Elles peuvent être lesbiennes, gays, bisexuelles, trans, intersexuées, queer ou non binaires. L'année dernière, le numéro d'assistance dédié a enregistré 305 agressions de ce type. C'est plus du double de l'année précédente. Environ un quart de tous les signalements proviennent de personnes qui se définissent comme non-binaires.
«Cela va des insultes aux agressions physiques», explique Sandro Niederer, de la direction du Transgender Network Switzerland. Parfois, l'irritation se transforme en rejet, voire en haine.
Les commentaires sur les médias sociaux traduisent de manière affolante cette hostilité. A chaque post sur Nemo, les expressions de joie se mélangent instantanément aux pires injures. «Abominable», «complètement fou», «tout simplement effrayant». Une visibilité accrue conduit également à une haine accrue, analyse Niederer. On verra «dans les prochaines semaines» si la victoire de Nemo profite aux personnes non binaires de Suisse dans leur ensemble.
Actuellement, le succès de Nemo donne également une impulsion aux revendications politiques. Par exemple, celle de l'inscription dans la loi d'un troisième sexe. Pour Sandro Niederer, cela résoudrait plusieurs problèmes. Pour lui, le plus important serait de créer une «meilleure acceptation sociale». «En officialisant les choses, on les rend plus faciles et automatiquement plus visibles», estime le responsable. De plus, cela permettrait d'empêcher ou de punir de nombreuses discriminations - par exemple sur le lieu de travail.
Un autre sondage illustre les répercussions de cette hostilité sur les personnes visées. «Plus de la moitié des individus trans*, non-binaires et de genre différent déclarent avoir des pensées suicidaires», peut-on lire dans un communiqué de l'Agence des droits fondamentaux de l'UE. «Cela est lié à la haine et au rejet», selon Sandro Niederer.
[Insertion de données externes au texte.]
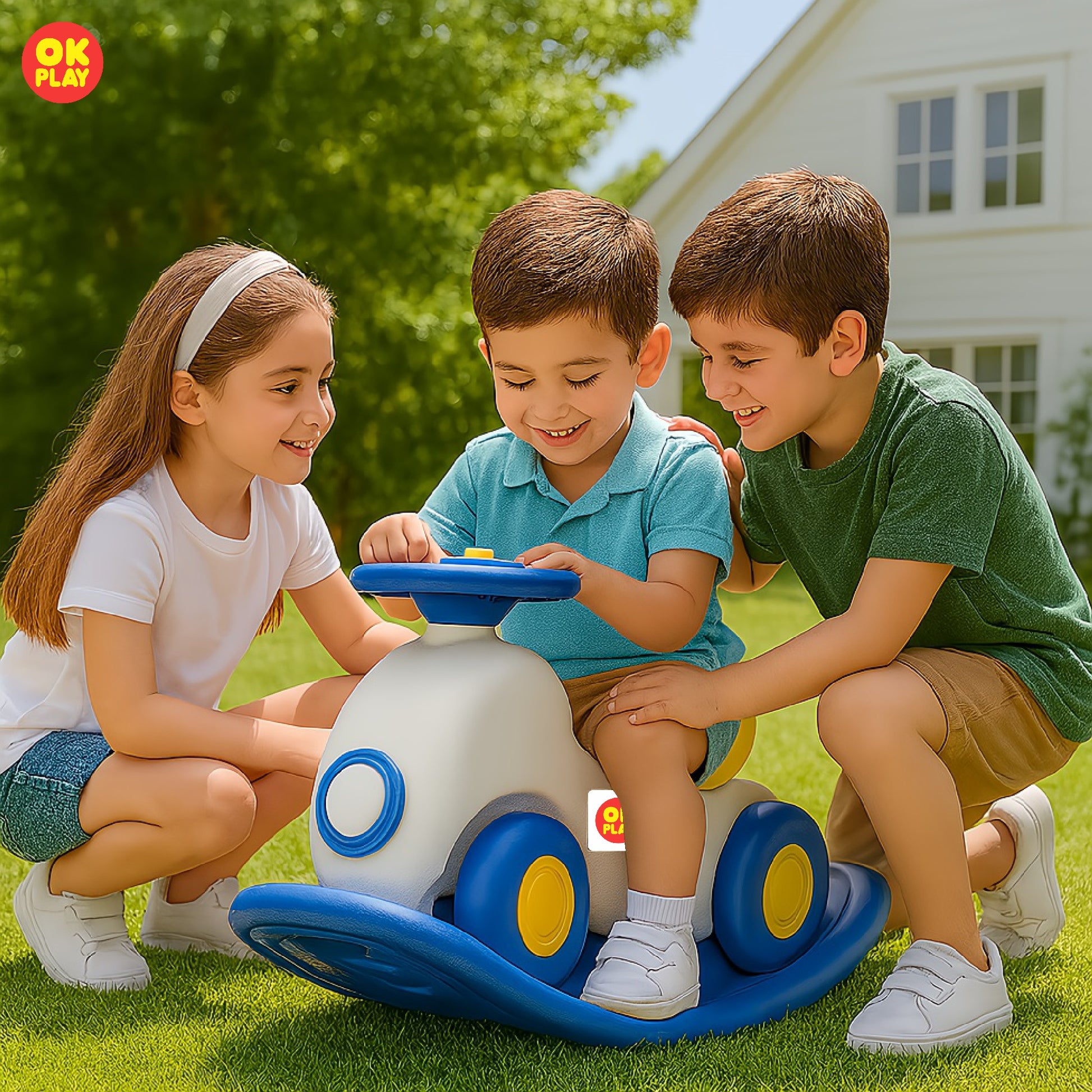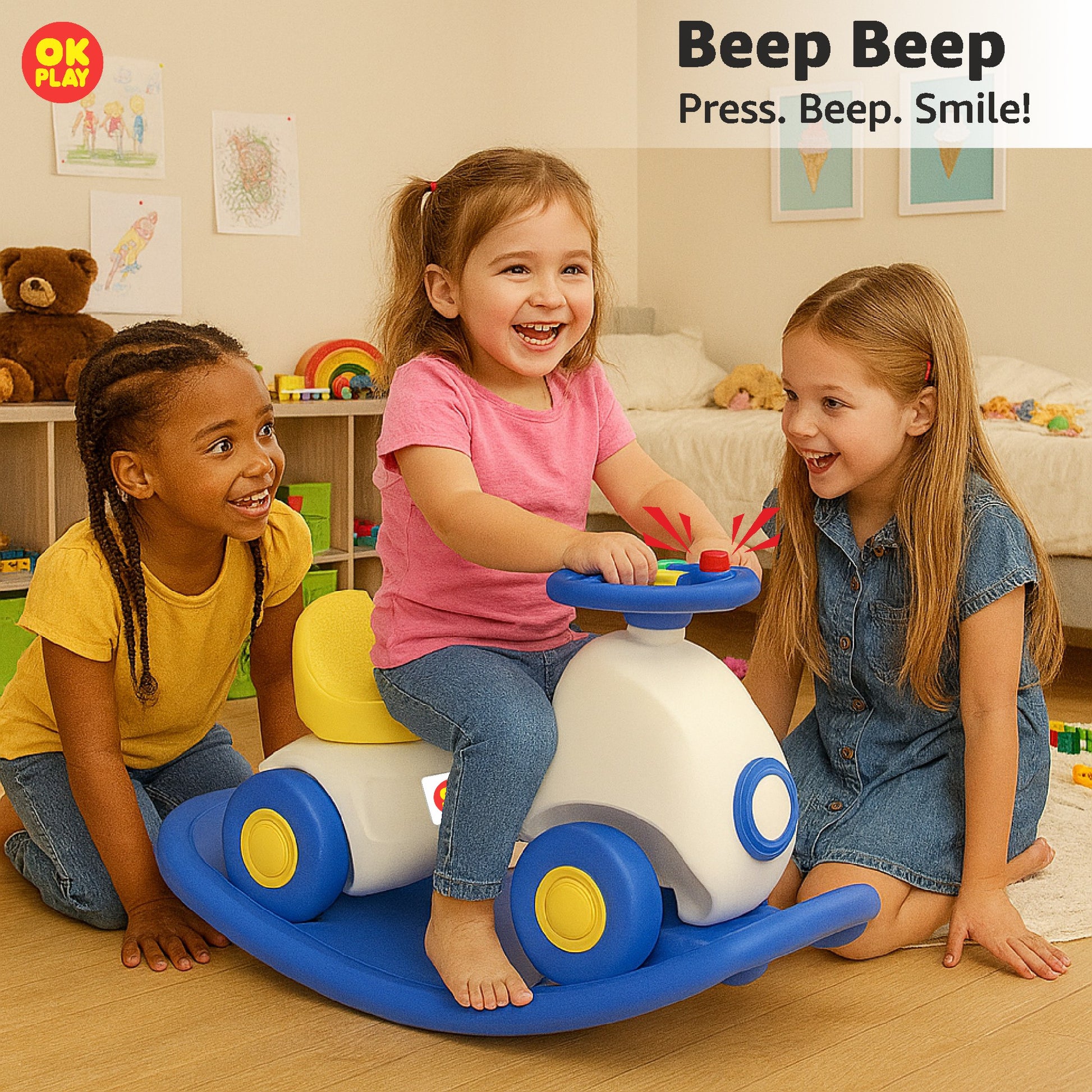 OK PLAY 3 in 1 Car Rocker Combo for Kids | Push On Ride On | Balancing Board | Backrest | Easy Grip | Anti Skid | Four Wheel | Indoor and Outdoor Play | Light-Weight | Perfect Gift | Car Theme

La non-binarité existe depuis longtemps et «n'a jamais été perçue comme un problème jusque-là». Ce n'est que dans la société prétendument moderne que la situation a changé.
«Nous ne pouvons pas attendre!», conclut alors l'étude suisse sur les offenses à la communauté LGBTIQ. «Les chiffres et les incidents sont effrayants et doivent conduire d'urgence à une réaction étatique pour contrer cela», peut-on lire dans le texte. Le Conseil fédéral, les cantons et les communes sont «appelés à développer et à appliquer des mesures efficaces» pour garantir une meilleure protection.
Le Conseil national a exigé du gouvernement un plan d'action, qui devrait être mis en œuvre rapidement. Nemo et le conseiller fédéral Beat Jans devraient bientôt se rencontrer pour réfléchir ensemble aux améliorations à instaurer pour les non binaires. En conférence de presse, le ministre socialiste a parlé à plusieurs reprises de Nemo avec le pronom «il». Le chemin sera - de toute évidence - encore long.